A platform rotates at an angular speed of 2.2 rad/s. A block rests on this platform a distance of 0.3m from the axis. (friction coefficient .5) Without any external torgue acting on the system, the block is moved toward the axis. Ignore the moment of inertia of the platform. Determine the smallest distance (in cm) from the axis the block can be relocated and still remain in place as the platform rotates

Question

A platform rotates at an angular speed of 2.2 rad/s. A block rests on this platform a distance of 0.3m from the axis. (friction coefficient .5) Without any external torgue acting on the system, the block is moved toward the axis. Ignore the moment of inertia of the platform. Determine the smallest distance (in cm) from the axis the block can be relocated and still remain in place as the platform rotates

Answer 1

The moment of inertia of the platform with block will decrease as the block is pushed toward the center. This will cause the angular velocity of the platform to increase. When calculating the moment of inertia and angular velocity of block distance R, ignore the I of the platform (because they tell you to. (It seems an unrealistic assumption to me). The centripetal acceleration of the block will increase as it moves to the center. At some radial distance form the axis, a static friction coefficient of 0.5 will be necessary to keep the block from slipping.
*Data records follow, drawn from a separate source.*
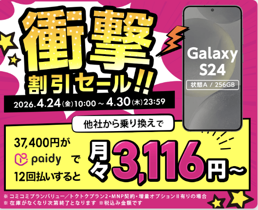 UQモバイルの正規代理店「ゲオモバイル」は、本日より衝撃割引セールを開始した。4月30日までの期間中、MNPを条件に4種類の中古スマホが大特価。
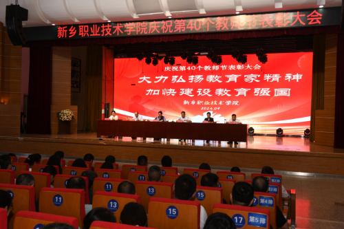 為(wei) 大力弘揚教育家精神,加快建設教育強國,9月10日,新鄉(xiang) 職業(ye) 技術學院舉(ju) 行慶祝第40個(ge) 教師節大會(hui) ,表彰一年來湧現出的先進集體(ti) 、先進個(ge) 人,校長夏錦紅,副校長閆金友、崔風華、原淑慧,紀委書(shu) 記李學良出席,近千名教師參加此次活動,大會(hui) 由黨(dang) 委副書(shu) 記、工會(hui) 主席李紅軍(jun) 主持。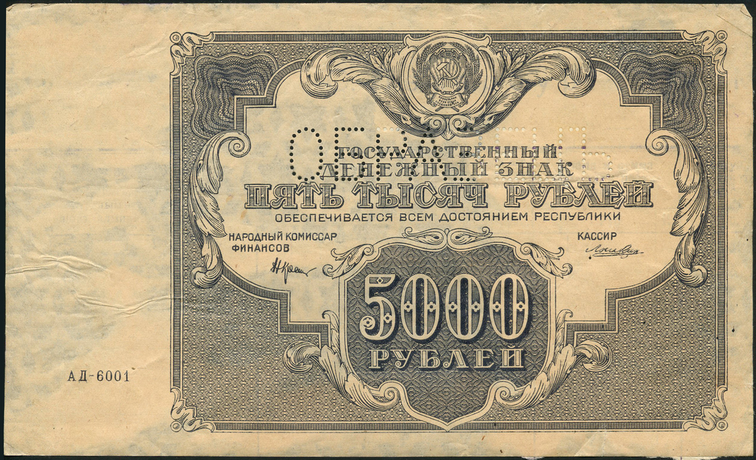 Russia, State Currency Notes, obverse and reverse proof for 5000 rubles, 1922, serial number A-6001, obverse purple, without underprint, arms at top centre, value at low centre, reverse multicoloured, value at top left and right, perforated SAMPLE/SPECIMEN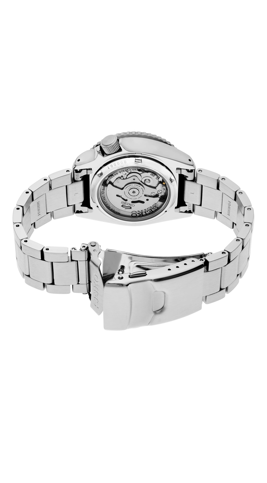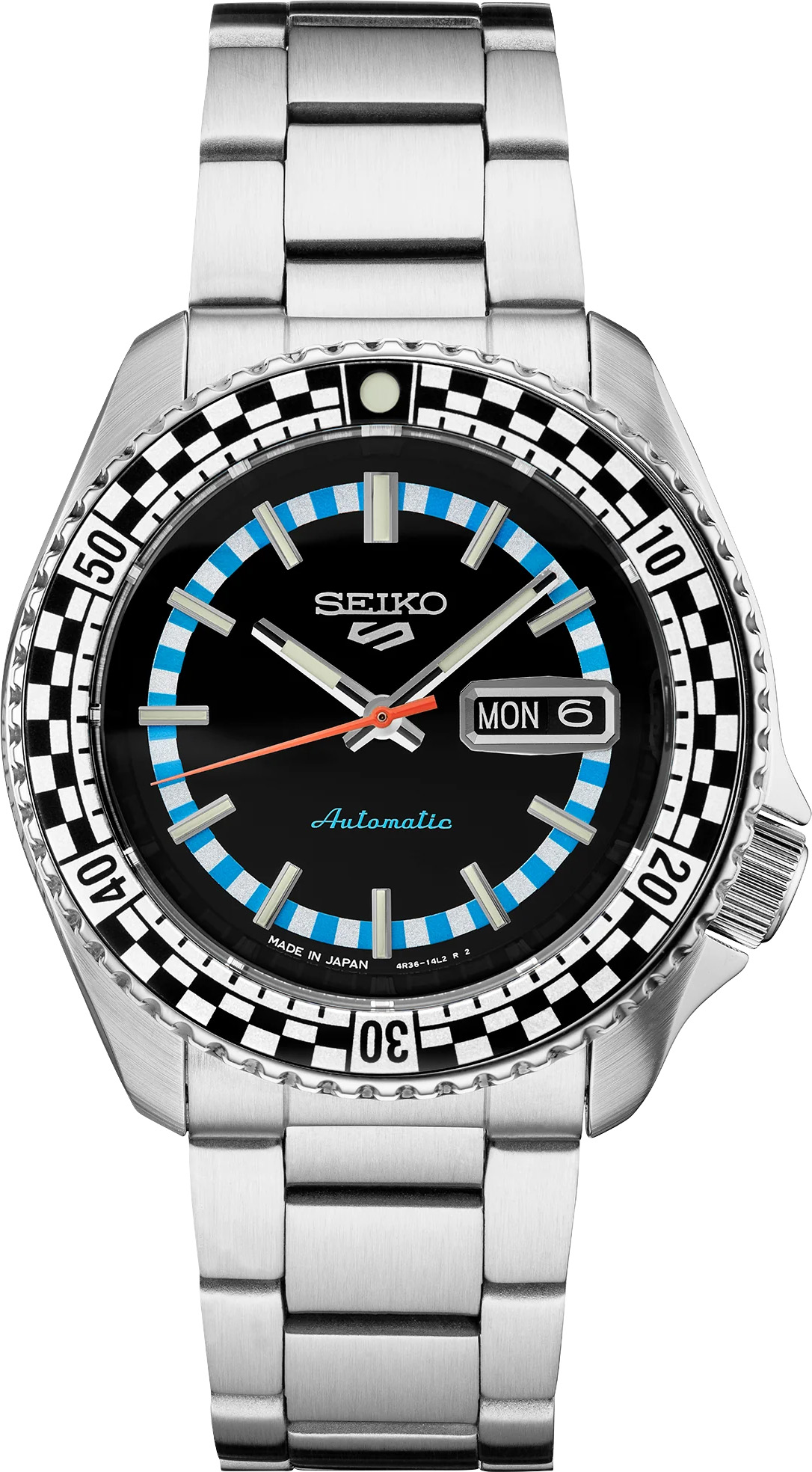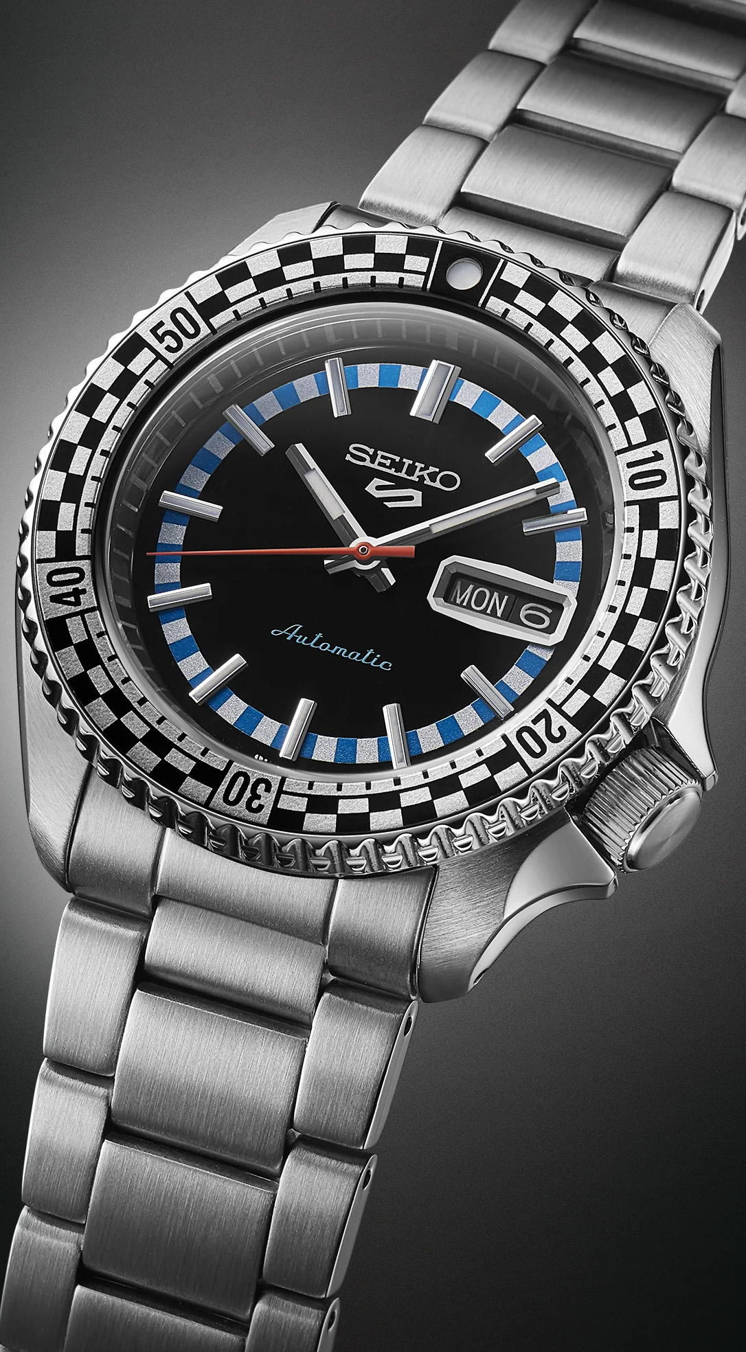 Seiko 5 Sports Special Edition. For decades, Seiko 5 Sports has delivered consistently high levels of reliability, durability, and performance. This dynamic watch offers current styling with a vintage feel, featuring an updated case and streamlined dial, while retaining the retro silver and blue color scheme. Inspired by the vintage Seiko 5 Sports models of the 1960s and 1970s, this timepiece is framed by a black and white checkered uni-directional rotating bezel, the black dial includes an inner white and blue checkered circle framing the indices for the numbers, a day/date calendar, red-orange second hand, and luminous hands and markers. The design takes its color scheme and bezel pattern from the "Checker Flag," one of the most popular designs of the era. Providing automatic technology that you control with every movement, the 24-jewel movement, visible through the screwdown see-through caseback, beats at a frequency of 21,600 vibrations per hour, with a power reserve of approximately 41 hours and manual winding capability. In stainless steel with locking tri-fold push button release clasp. 10 bar, 100M Water Resistant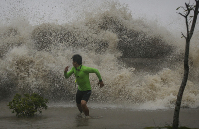 Astronauts Jing Haipeng (right) and Chen Dong salute inside the spacecraft at the moment of launching on Monday. [Photo/Xinhua] |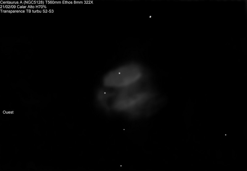 *l'oeil de chat à 580X : * centrale une zone sombre autour une spirale vers l'ouest en dessous une autre vers l'est au dessus. au centre des zones hétérogènes
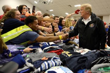Presiden Amerika Serikat Donald Trump (kanan) menyapa relawan yang telah membantu mengelola bantuan pakaian di Gereja Providence Baptist saat mengunjungi lokasi terdampak angin tornado di Beauregard, Alabama, Amerika Serikat, Jumat (8/3/2019). ANTARA FOTO/REUTERS/Mike Theiler/wsj.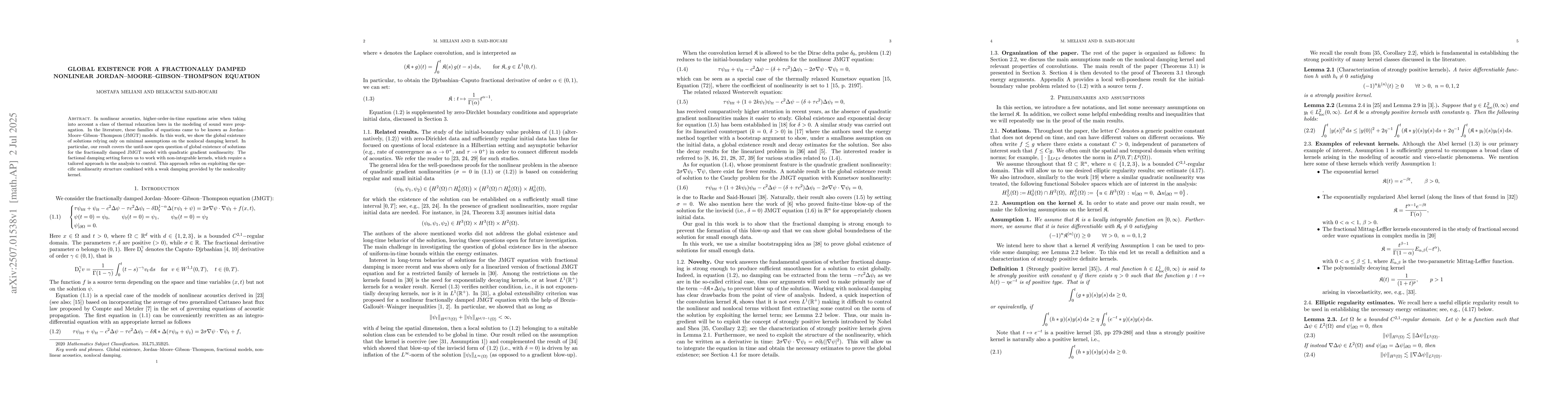 In nonlinear acoustics, higher-order-in-time equations arise when taking into account a class of thermal relaxation laws in the modeling of sound wave propagation. In the literature, these families of equations came to be known as Jordan--Moore--Gibson--Thompson (JMGT) models. In this work, we show the global existence of solutions relying only on minimal assumptions on the nonlocal damping kernel. In particular, our result covers the until-now open question of global existence of solutions for the fractionally damped JMGT model with quadratic gradient nonlinearity. The factional damping setting forces us to work with non-integrable kernels, which require a tailored approach in the analysis to control. This approach relies on exploiting the specific nonlinearity structure combined with a weak damping provided by the nonlocality kernel.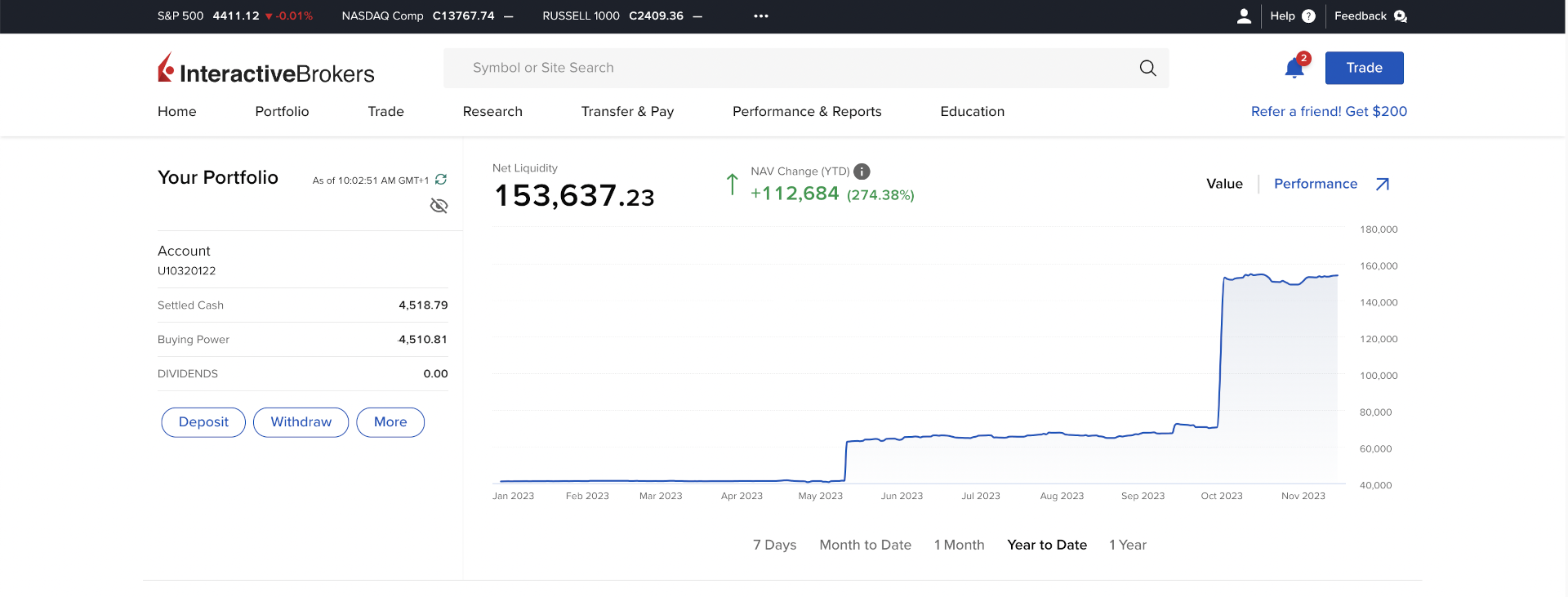 Zalogowaliśmy się na portal klienta. Przed nami widok główny. Na samej górze jest pole tekstowe “Symbol or Site Search“, w którym można wyszukiwać instrumenty finansowe lub różne opcje platformy IBKR. Z lewej strony jest saldo konta, a po prawej, w części głównej, historia zmian wartości rachunku wyrażona w walucie bazowej (klient określa ją podczas rejestracji rachunku, ale można ją w każdej chwili zmienić w ustawieniach).

That will be the answer.

Answer 2

To determine the smallest distance from the axis the block can be relocated and still remain in place as the platform rotates, we need to consider the centripetal force acting on the block.

The centripetal force is given by the formula:

F = (m * ω^2 * r)

Where:
F is the centripetal force
m is the mass of the block
ω is the angular speed of the platform in radians per second
r is the distance of the block from the axis of rotation

In this case, we need to find the smallest value of r that still allows the block to remain in place, which means that the frictional force between the block and the platform must be equal to the centripetal force acting on the block.

The frictional force is given by the formula:

F_friction = μ * N

Where:
μ is the coefficient of friction
N is the normal force acting on the block

The normal force is equal to the weight of the block, which is given by:

N = m * g

Where:
g is the acceleration due to gravity

Since the block is stationary, the frictional force must equal the centripetal force:

F_friction = F

Therefore,

μ * N = m * ω^2 * r

Substituting the expression for N:

μ * (m * g) = m * ω^2 * r

Simplifying:

μ * g = ω^2 * r

Now, we can solve for r:

r = (μ * g) / ω^2

Given that the friction coefficient μ is 0.5, the acceleration due to gravity g is approximately 9.8 m/s^2, and the angular speed ω is 2.2 rad/s, we can calculate the value of r:

r = (0.5 * 9.8) / (2.2^2)

r ≈ 1.11 m

Finally, converting this distance from meters to centimeters:

r ≈ 111 cm

Therefore, the smallest distance from the axis the block can be relocated while still remaining in place as the platform rotates is approximately 111 cm.